Records from a data source
..........

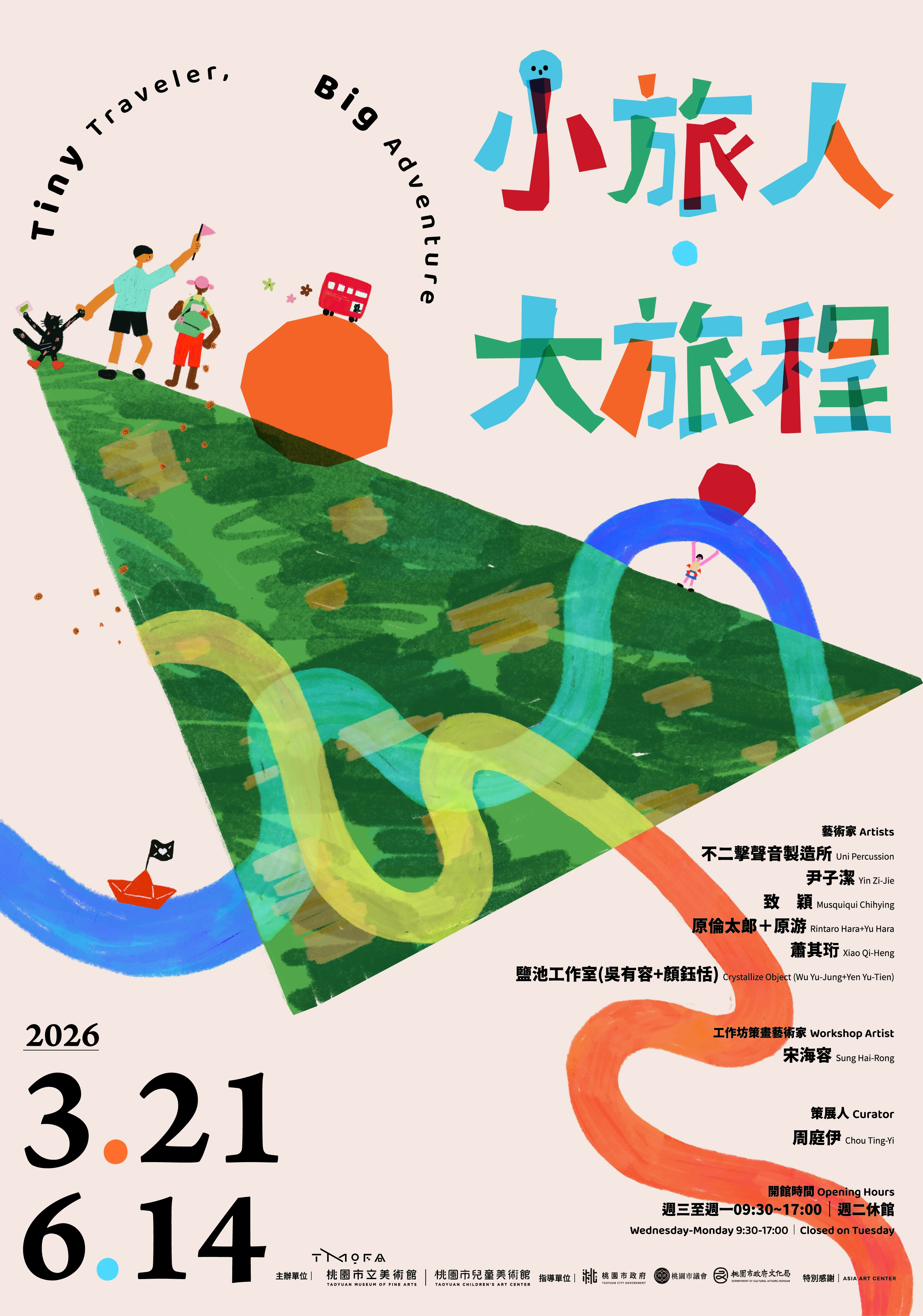 - 為鼓勵兒童在藝術的探索中,學習自我認同,以及喜愛自己 的成長環境,本館特辦理「小旅人·大旅程」特展,邀集6組國內外藝術家,將展覽融入遊戲式的探索設計,以空間裝置、互動體驗等媒介創造感官體驗,邀請小旅人運用觀察力、感受力與想像力完成旅行任務,在參與中逐步展開屬於自己的旅程敘事。
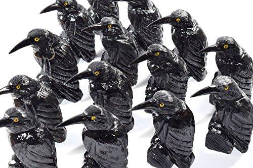 -. Feature : You will receive one of the Black Onyx Raven similar to the one in the listing, the size and the color of the bird may slightly vary as well due to the fact that all minerals are different. (see photo)! Approximately Size: 80mm x 41mm x 35mm / 3 3/16 x 1 5/8 x 1 3/8 Inches; Approximately Weight: 170g-195g / 6oz - 6.9oz. Such complicated figurine is hard to polish, that is why it was covered with colorless lacquer to add a beautiful shining effect to the figurine. / Originally, almost all colors of chalcedony from white to dark brown and black were called onyx. Today when we think of onyx we often preface the word with black to distinguish it from other varieties of onyx that come in white, reddish brown, brown and banded. A variety of onyx that is reddish brown with white and lighter reddish bands is known as sardonyx. / Chemical Formula: SiO2; Mohs scale hardness: 6.5-7; Color: black; / Onyx is formed of bands of chalcedony in alternating colors. It is cryptocrystalline, consisting of fine intergrowths of the silica minerals quartz and moganite. Its bands are parallel to one another, as opposed to the more chaotic banding that often occurs in agates. / (The above information is provided solely for informational purpose. Kindly note that all stones are offered for decorative purposes only. Please, handle your stones with great care, do not grind or crumble them, do not dip or add them into your food or drink, do not use any parts of them in any elixirs, potions, lotions etc. Always make sure you wash your hands before and after working with your crystals.)
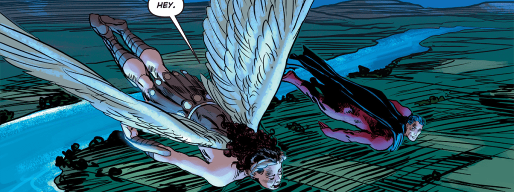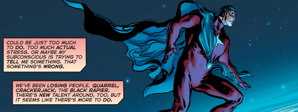 That’s really key to understanding the heartbreak of Samaritan. I nearly wrote tragedy, but it’s not quite that, but I think heartbreak fits. He’s someone that really loves being Samaritan and finds real fulfillment in his role as humanity’s protector and savior, but what he really wants to do is fly freely. You’d think he’d get to do that, but he’s only ever flying from one place to another and as he notes at the end of the issue he only clocks in fifty-six seconds of airtime throughout the entire day and that’s the most he’s got in months.
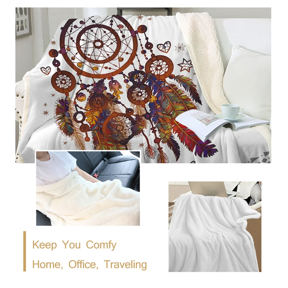 Product Name: BeddingOutlet aksamitny pluszowy koc ozdobny Hipster akwarela Sherpa koc na kanapie pióra do łapacza snów drukowane miękkie rzut
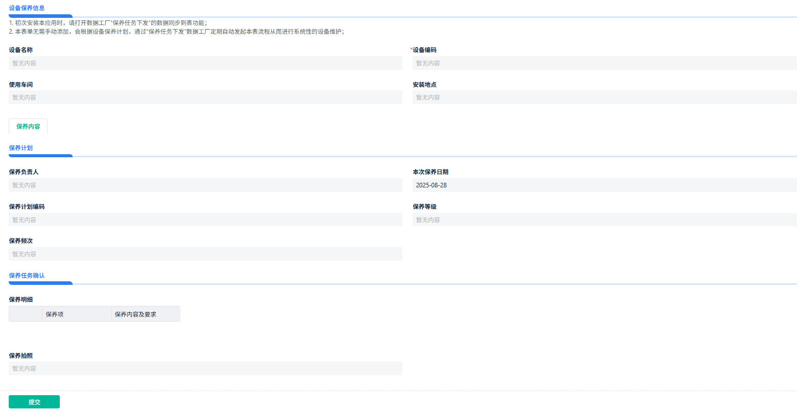 - 设备编号:关联“设备档案”表单,自动填充设备信息。
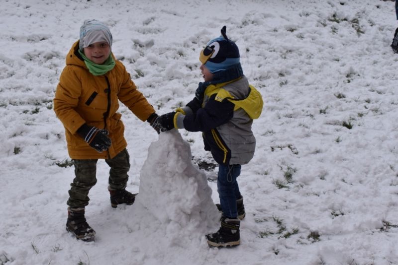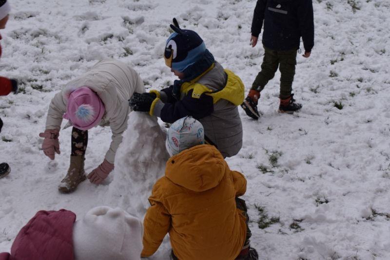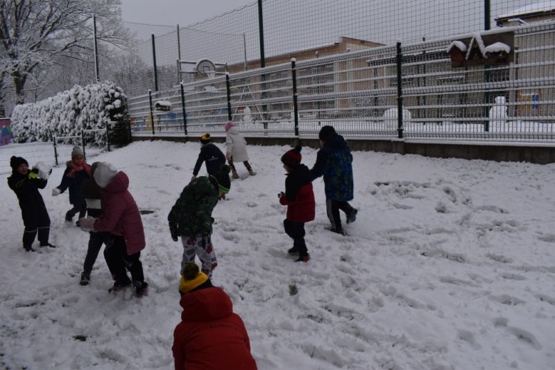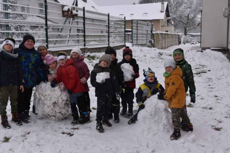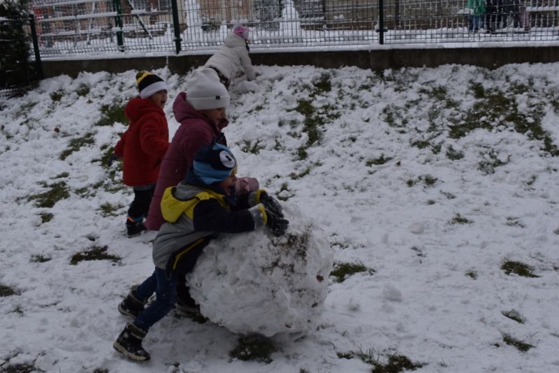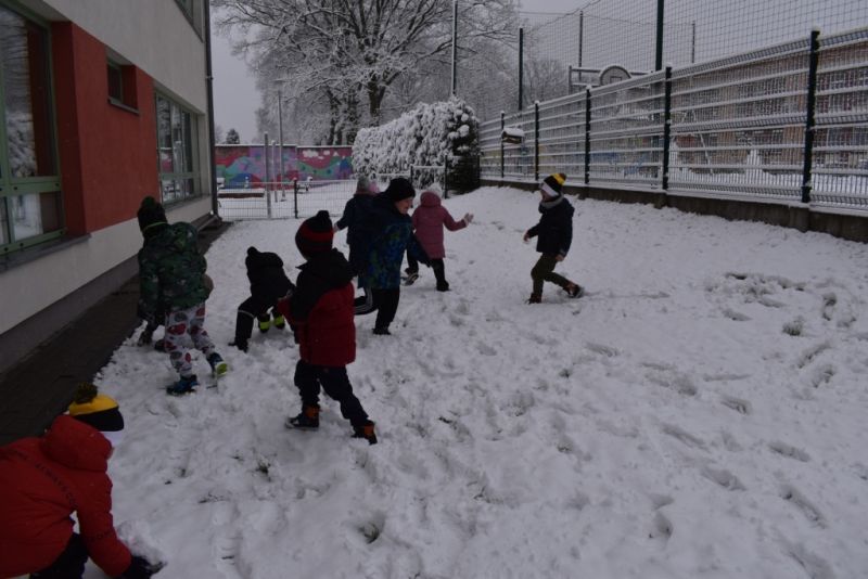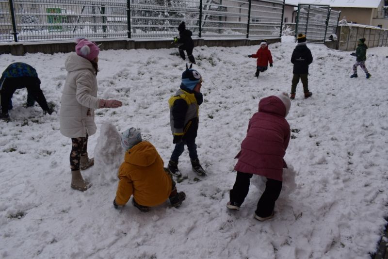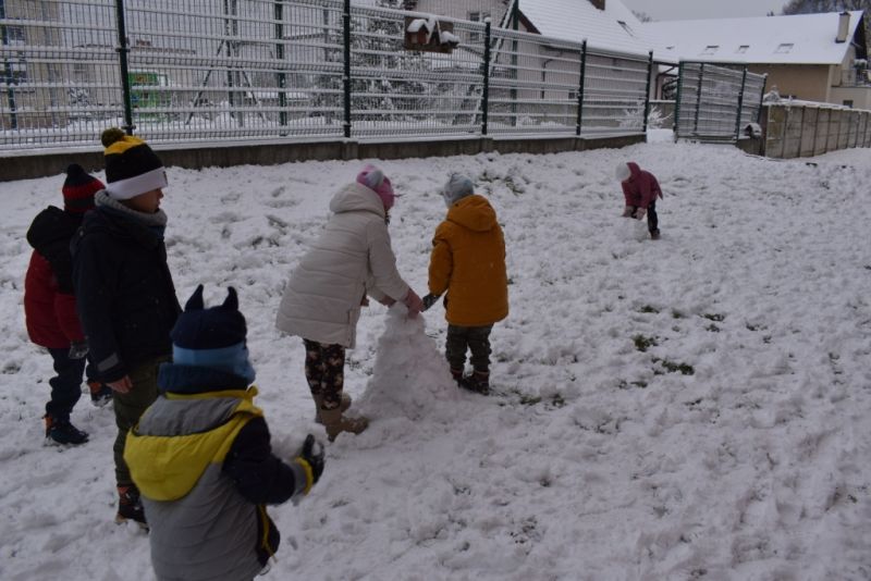 Z utęsknieniem czekaliśmy na pierwszy śnieg i w końcu doczekaliśmy się. Dzisiaj był pierwszy prawdziwy, biały zawrót głowy i cudowne zimowe zabawy na śniegu. Śnieg idealny do lepienia. Szaleństwu, zabawom nie było końca.
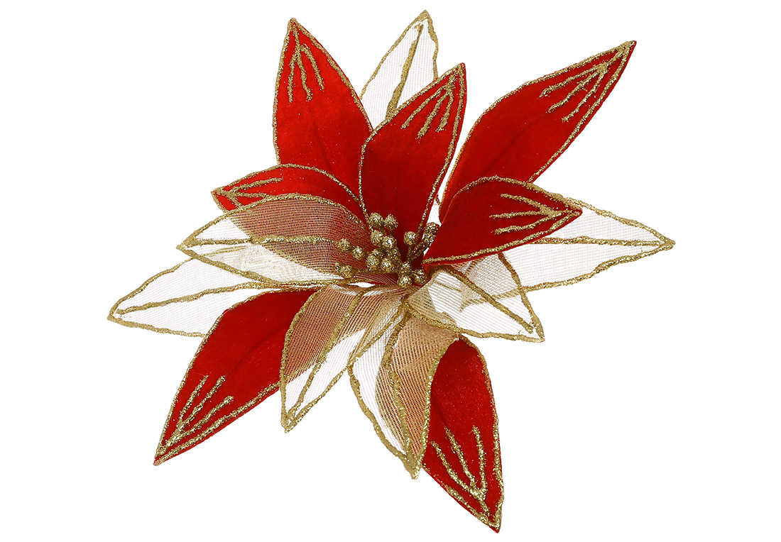 Квітка Пуансетія з оксамиту та органзи з гліттером 34см, колір - червоний із золотом
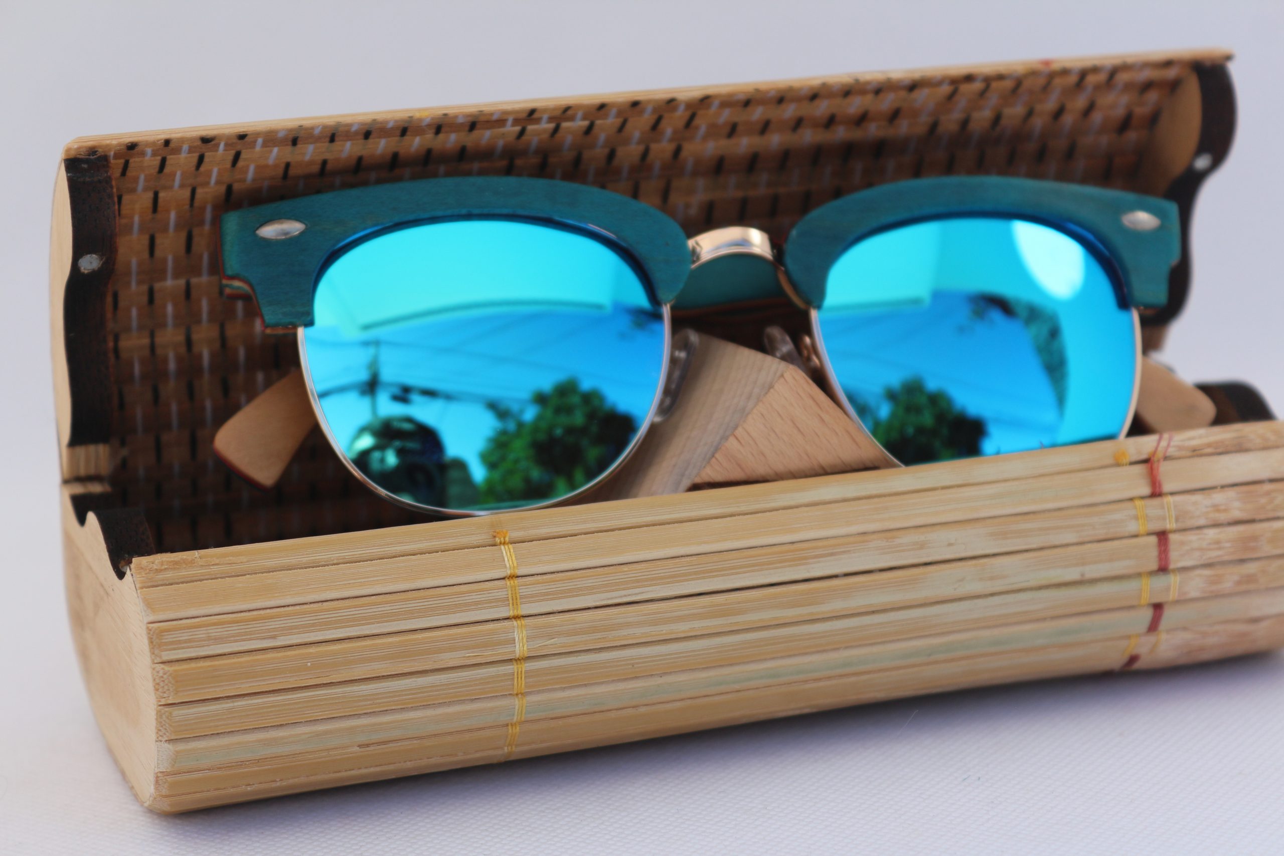 Gafas de sol polarizadas con montura de madera azul, de bambú con soporte de metal, estilo exclusivo.

..........

-- REQUIREMENT --
Without carrying over any pictures, retype the records above exactly.

-- RESULT OF THIS EXERCISE --
 - 為鼓勵兒童在藝術的探索中,學習自我認同,以及喜愛自己 的成長環境,本館特辦理「小旅人·大旅程」特展,邀集6組國內外藝術家,將展覽融入遊戲式的探索設計,以空間裝置、互動體驗等媒介創造感官體驗,邀請小旅人運用觀察力、感受力與想像力完成旅行任務,在參與中逐步展開屬於自己的旅程敘事。
 -. Feature : You will receive one of the Black Onyx Raven similar to the one in the listing, the size and the color of the bird may slightly vary as well due to the fact that all minerals are different. (see photo)! Approximately Size: 80mm x 41mm x 35mm / 3 3/16 x 1 5/8 x 1 3/8 Inches; Approximately Weight: 170g-195g / 6oz - 6.9oz. Such complicated figurine is hard to polish, that is why it was covered with colorless lacquer to add a beautiful shining effect to the figurine. / Originally, almost all colors of chalcedony from white to dark brown and black were called onyx. Today when we think of onyx we often preface the word with black to distinguish it from other varieties of onyx that come in white, reddish brown, brown and banded. A variety of onyx that is reddish brown with white and lighter reddish bands is known as sardonyx. / Chemical Formula: SiO2; Mohs scale hardness: 6.5-7; Color: black; / Onyx is formed of bands of chalcedony in alternating colors. It is cryptocrystalline, consisting of fine intergrowths of the silica minerals quartz and moganite. Its bands are parallel to one another, as opposed to the more chaotic banding that often occurs in agates. / (The above information is provided solely for informational purpose. Kindly note that all stones are offered for decorative purposes only. Please, handle your stones with great care, do not grind or crumble them, do not dip or add them into your food or drink, do not use any parts of them in any elixirs, potions, lotions etc. Always make sure you wash your hands before and after working with your crystals.)
 That’s really key to understanding the heartbreak of Samaritan. I nearly wrote tragedy, but it’s not quite that, but I think heartbreak fits. He’s someone that really loves being Samaritan and finds real fulfillment in his role as humanity’s protector and savior, but what he really wants to do is fly freely. You’d think he’d get to do that, but he’s only ever flying from one place to another and as he notes at the end of the issue he only clocks in fifty-six seconds of airtime throughout the entire day and that’s the most he’s got in months.
 Product Name: BeddingOutlet aksamitny pluszowy koc ozdobny Hipster akwarela Sherpa koc na kanapie pióra do łapacza snów drukowane miękkie rzut
 - 设备编号:关联“设备档案”表单,自动填充设备信息。
 Z utęsknieniem czekaliśmy na pierwszy śnieg i w końcu doczekaliśmy się. Dzisiaj był pierwszy prawdziwy, biały zawrót głowy i cudowne zimowe zabawy na śniegu. Śnieg idealny do lepienia. Szaleństwu, zabawom nie było końca.
 Квітка Пуансетія з оксамиту та органзи з гліттером 34см, колір - червоний із золотом
 Gafas de sol polarizadas con montura de madera azul, de bambú con soporte de metal, estilo exclusivo.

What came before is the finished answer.